Reputation: 21
I have the below data.
hive> select * from authors;
author1 ["book1,book2,book3"]
hive> describe authors;
author string
books array<string>
hive> select explode(books) as mycol from authors;
book1,book2,book3
when i use the explode function the data is not splitting into rows.
Upvotes: 1
Views: 753
Reputation: 165
This is because you might have not declared the collection items termination clause in the creation of the table.

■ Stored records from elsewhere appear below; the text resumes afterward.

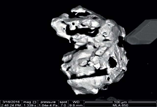 Месторождение Хлебопёк. Детализация форм одной из микрочастиц золота в коре выветривания. Увеличение 25-30 раз. Чётко видны формы роста и растворения |
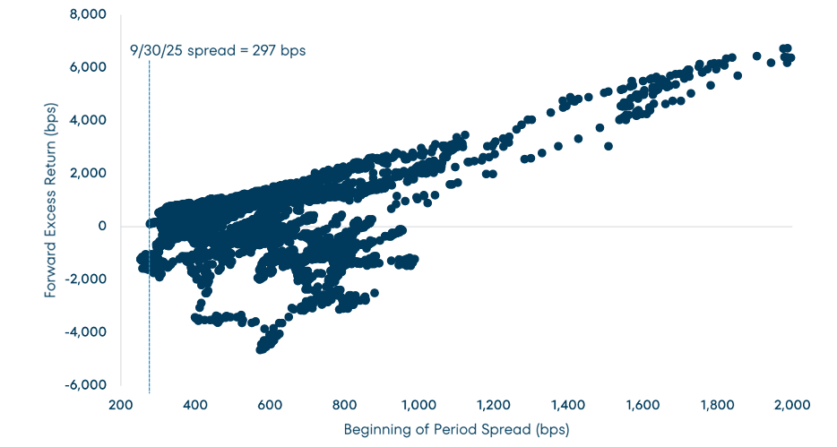 Source: Bloomberg; As of September 30, 2025. Chart covers the period 11/27/98 to 9/30/24 and shows the forward one-year return on the Bloomberg U.S. Corporate High Yield Index in excess of the return on similar duration Treasuries versus the starting spread on that high yield index at the start of each one-year period. Past performance is no guarantee, nor is it indicative, of future results.
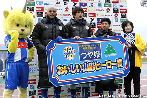 おいしい山形ヒーロー賞に選ばれたのはゴールを決めたこの3人。
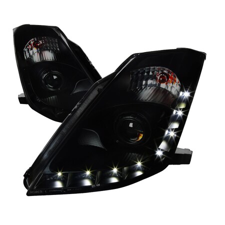 Spec-D Projector Headlights w/ Bright White LED Light Strips (Black Housing/Smoke Lens) Nissan 350Z 2006-2009 | LHP-350Z06SM-RS
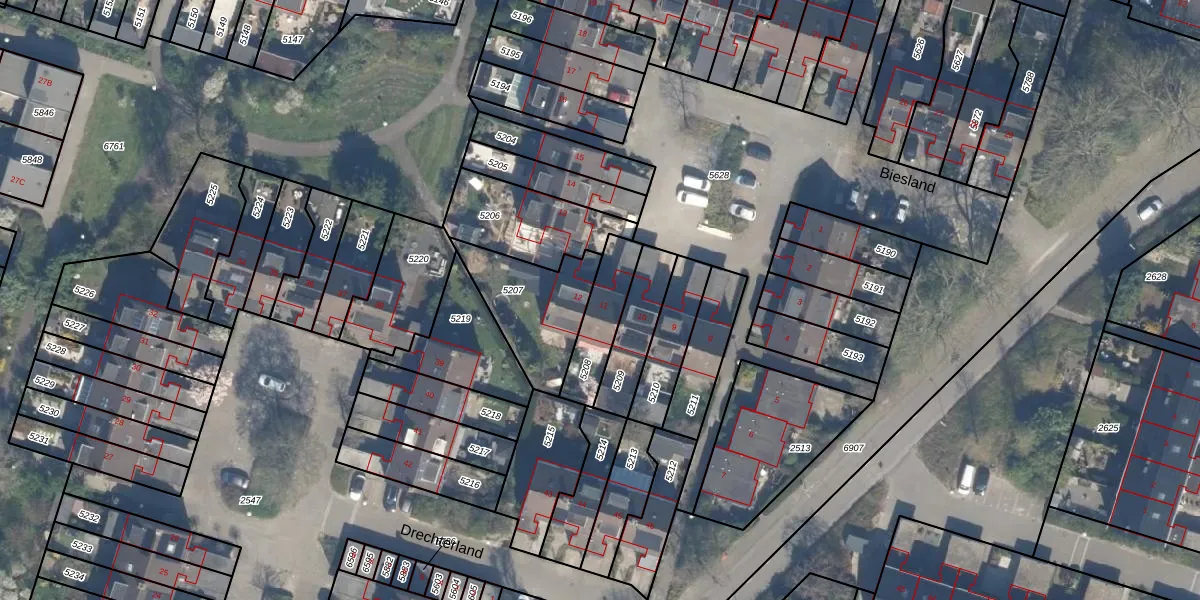 Het perceel waarop Biesland 11 staat heeft een oppervlakte van 171 m². Dit is een middelgroot perceel. De perceeloppervlakte wordt geregistreerd door het Kadaster. Gedetailleerde informatie over de maten van dit perceel kunt u vinden in het rapport Kadastrale kaart met maatvoering van Biesland 11.

I am providing you the syntax of creation of this table:
CREATE TABLE IF NOT EXISTS authors (author string, books array ) ROW FORMAT DELIMITED FIELDS TERMINATED BY "|" COLLECTION ITEMS TERMINATED BY "," STORED AS TEXTFILE;
Then load the data : LOAD DATA LOCAL INPATH '/home/cloudera/Desktop/hadoop/dummy' into table authors;
Also please note that the collection items and the field termination both should be different from each other.It means that if you declare collection items to be separated by comma then you must declare filed termination value something different from comma Here I have declared array termination as comma and field termination as |(pipe) .Below is the sample data :
author1|book1,book2,book3 author2|book4,book5,book6
Now fire the select query and you can try simple explode as well and no need to do split here :
hive> select * from authors;
authors.author authors.books
author1 ["book1","book2","book3"]
author2 ["book4","book5","book6"]
hive>select explode(books) as mycol from authors;
col book1 book2 book3 book4 book5 book6
Upvotes: 1
Reputation: 38290
The output looks like books array contains the only element with string "book1,book2,book3"
.
It should look like this:
["book1","book2","book3"]
not ["book1,book2,book3"]
That is why explode generated single row.
If you still want to explode it, use explode(split(books[0],','))
Upvotes: 0